July 22nd, 2010 -- The State Board of Education moved closer to adoption but has not yet passed new rules for revoking poorly performing charter schools.
At their meeting last week, members appeared to agree with using API scores to determine which charters should be annually reviewed for possible revocation. However, they also want alternatives to the proposal to consider revoking charters of schools in the lowest 10 percent of API scores and whose scores ranked in the lowest 20 percent of schools with similar student populations.
The Academic Performance Index is a single number, ranging from 200 to 1000, that measures a school’s performance based on a combination of annual standardized tests in math, English language arts, history, science and, where appropriate, the high school exit exam. It’s an imperfect measure of a school’s overall achievement, but is one that the public readily understands and has come to identify with.

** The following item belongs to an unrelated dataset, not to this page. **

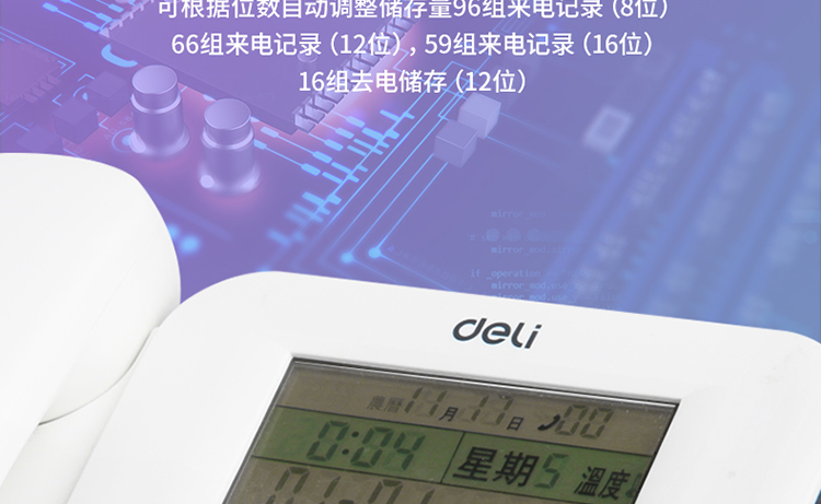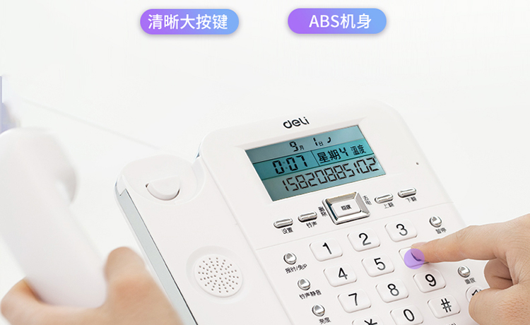 得力(deli) 电话机座机 固定电话 办公家用 30°倾角温度显示 790白

Other options raised during public testimony include using a three-year average of API scores and looking at improvement in students’ test scores. A charter middle or high school whose mission is to admit low-performing, at risk students will always have API scores weighed down by initial years’ test scores. However, the schools must be able to show substantial gain by the time students reach seventh or eighth grades in middle school or their junior and senior years in high school.
State Board President Ted Mitchell said that he and other members have been frustrated over their inability to intervene when districts have renewed the five-year charters of clearly underperforming schools. The board needs tools to step in when appropriate, he said.
The board would have the option of ordering specific improvements, which it would oversee, instead of revocation.
Board member Ben Austin has said that he considered the proposal to revoke charters in the lowest decile just the first step. Since they are given freedom from restrictions binding district schools, the public should expect charters to be held to a higher standard, he said.
The board is expected to adopt the regulations at either its special Aug. 2 meeting or at its September session.